- _YOUR GOAL_
Beginning at the line that contains "どちらが白色の綿の花だろう?", reproduce the entries below exactly, ending with the line that contains "Plan for ArtCologne, 4". Omit each picture.

- _ENTRIES PROVIDED_
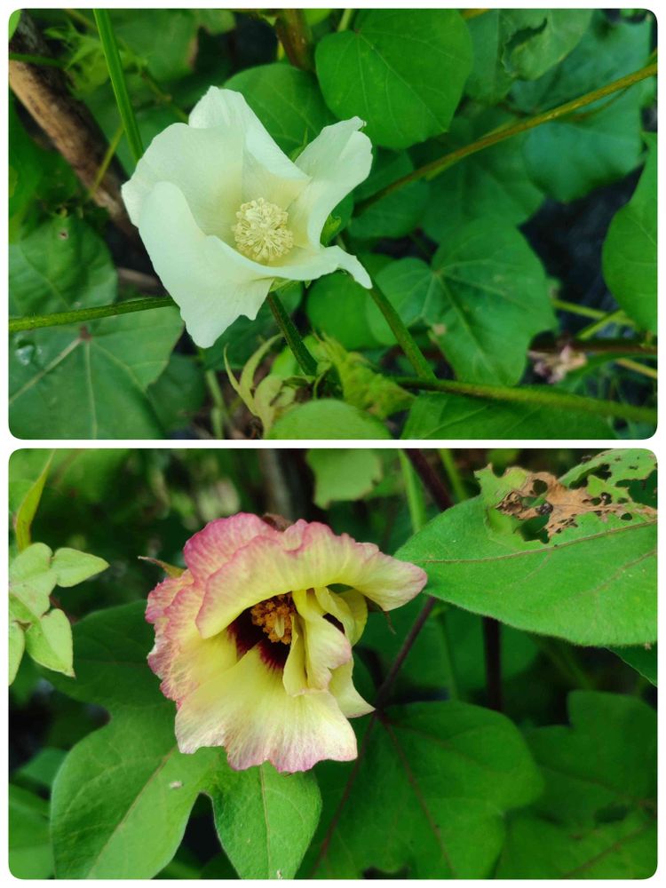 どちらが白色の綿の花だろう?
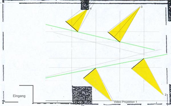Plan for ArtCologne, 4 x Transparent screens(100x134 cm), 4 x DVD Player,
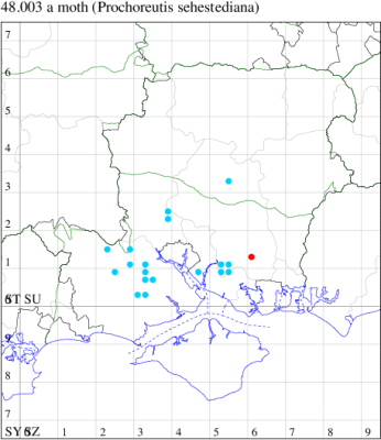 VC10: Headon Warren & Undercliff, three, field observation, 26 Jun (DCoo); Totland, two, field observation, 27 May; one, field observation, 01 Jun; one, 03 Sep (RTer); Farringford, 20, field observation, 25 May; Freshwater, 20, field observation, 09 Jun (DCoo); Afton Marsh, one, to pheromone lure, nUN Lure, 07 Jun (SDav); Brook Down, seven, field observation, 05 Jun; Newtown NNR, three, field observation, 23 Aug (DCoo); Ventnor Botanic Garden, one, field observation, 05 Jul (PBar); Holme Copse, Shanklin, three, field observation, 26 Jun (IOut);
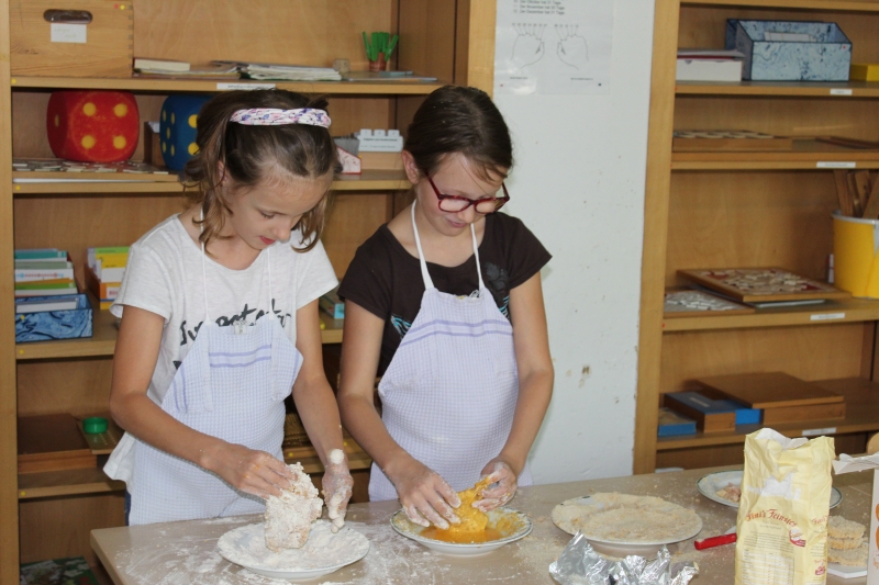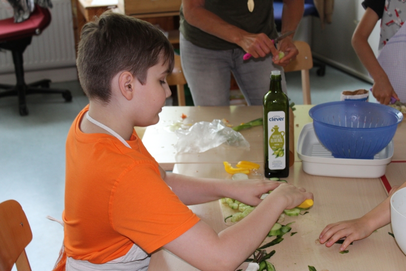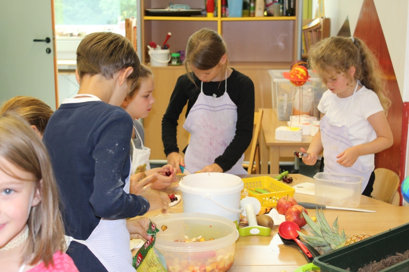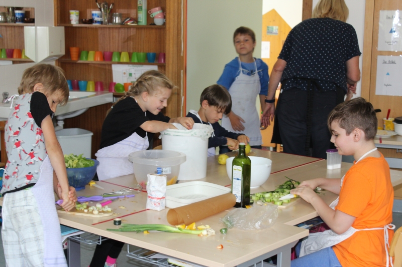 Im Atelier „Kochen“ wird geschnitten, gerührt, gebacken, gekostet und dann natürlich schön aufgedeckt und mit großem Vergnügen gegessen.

==

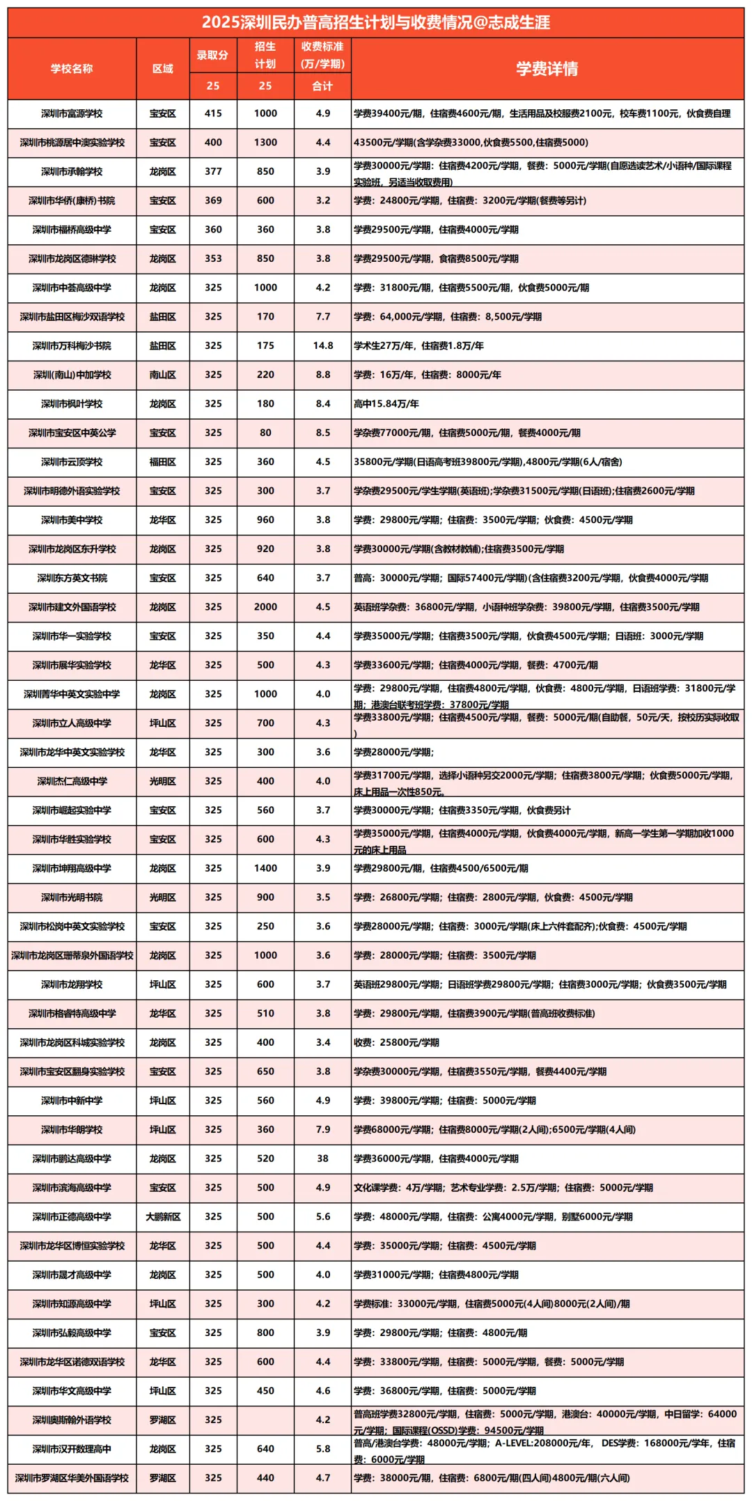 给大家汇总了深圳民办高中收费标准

- _RESPONSE_
 どちらが白色の綿の花だろう?
Plan for ArtCologne, 4 x Transparent screens(100x134 cm), 4 x DVD Player,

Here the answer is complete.